I am used to using all kinds of soup products to keep my skin moist and my stomach moist as soon as autumn comes. But the recent physical examination found that uric acid was close to the critical value, so I began to study the light but still delicious soup. This mushroom soup doesn't use bones or chicken, duck and fish as the bottom of the soup. But it tastes very fresh. Mushroom is rich in amino acids and high in fiber content. With tofu quality protein, it's also a nutritious and comprehensive meal.
Step1:Clean and slice the fungus or tear it. You can match whatever you like. But more than 3 kinds are recommended. Cut the sausage into pieces. Cut the frozen tofu into pieces.
Step2:(how can this picture not be completely displayed...) Cut the onion into large pieces. Take the root and the old stalk from the coriander. Take scallion, peel garlic, slice ginger, and add some pepper.
Step3:The pork is minced with fat and meat. The proportion of fat and thin is 5-5, which is the most tender and not greasy. I chose the thinner one to lose weight. If you have free time, you can chop it by yourself. It will be more tender. Add 2 / 3 of the meat filling water (several times), salt, pepper, ginger powder, onion powder, cornflour, soy sauce and sugar. Stir in one direction until thick. I also added some yam powder to add crisp taste.
Step4:Heat the next small spoon of oil in the pot (lard is the best choice for this soup. If you don't like it, use ordinary oil). Pour the materials in step 2 into the burning incense. Stir fry the mushroom slightly. Add water and boil.
Step5:Boil the water and simmer for 20 minutes. Put in fish balls, ham sausage, pork balls (or other balls you like. I think hand-made beef balls are the best but they are really expensive.) Add salt and cook for 5 minutes. Sprinkle with medlar, scallion, pepper and coriander, and you will be out of the pot. You can also add chicken essence and sesame oil according to your taste. I didn't put any.

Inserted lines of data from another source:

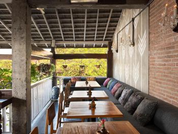 Дружелюбный персонал, замечательные завтраки ( по меню приносят на террасу в удобное для вас время). Маленькая, но очень уютная и красивая территория ( номер 122 был с видомна бассейн).Сказочная атмосфера! Пешком до леса обезьян, на такси до рисовых террас, вокруг много храмов. Улица с кафе- ресторанами и магазинами.
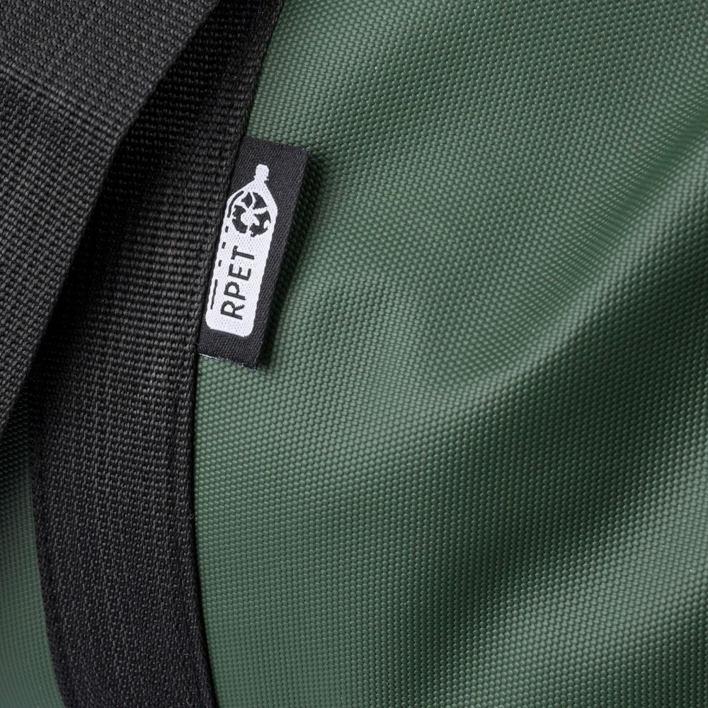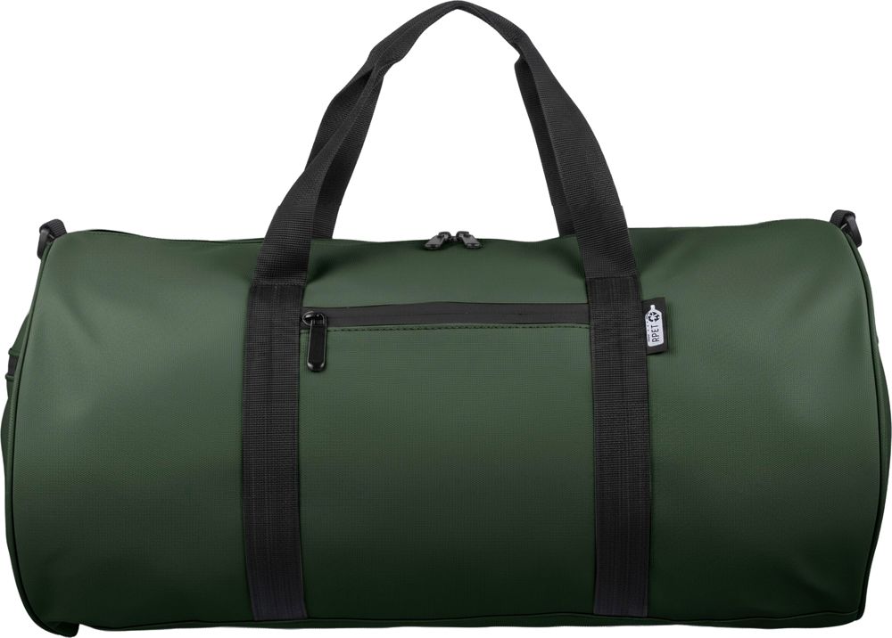 rPET sporttas gemaakt van 600D polyester met 210D voering en waterafstotende PU-coating. Voorzien van een groot hoofdvak met ritssluiting, klein voorvak met ritssluiting voor decoratie, een extra klein zijvak met ritssluiting en een zijvak van mesh. Uitgerust met twee handvatten en een verstelbare schouderriem. Inhoud 40 liter. Inclusief rPET-label aan de buitenzijde.
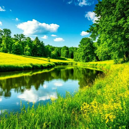 Всем доброго времени суток! На изображении представлена живописная летняя природа. В центре композиции протекает спокойная река, отражающая голубое небо и белые облака. По обе стороны реки раскинулись зелёные луга, покрытые густой травой и яркими жёлтыми цветами. На заднем плане видны густые деревья, создающие ощущение уединения и уюта. Небо ясное, с небольшими облаками, что подчёркивает солнечную и тёплую атмосферу. Это место идеально подходит для прогулок, отдыха на природе или вдохновения для творчества. На изображении представлен живописный летний пейзаж. На переднем плане раскинулся яркий луг, покрытый цветущими одуванчиками и ромашками. Зелёная трава переливается на солнце, создавая ощущение свежести и тепла. На заднем плане видны холмы, покрытые густым лесом, который плавно переходит в горизонт. Небо ясное, голубое, с пушистыми белыми облаками, что добавляет картине лёгкости и воздушности. Этот пейзаж передаёт атмосферу спокойствия и гармонии с природой, идеально подходящую для

Step6:It's good for your skin to drink more soup. This soup doesn't have meat stewed repeatedly for a long time, so the purine content is lower than the stew.
Step7:You can also cook more soup with other green vegetables and vermicelli as the bottom of hot pot soup, but you need to dip it. The flavor of this dish comes from the combination of various mushroom. Onion and coriander are essential. If you like, stew some spareribs. It will be rich.
Cooking tips:There are skills in making delicious dishes.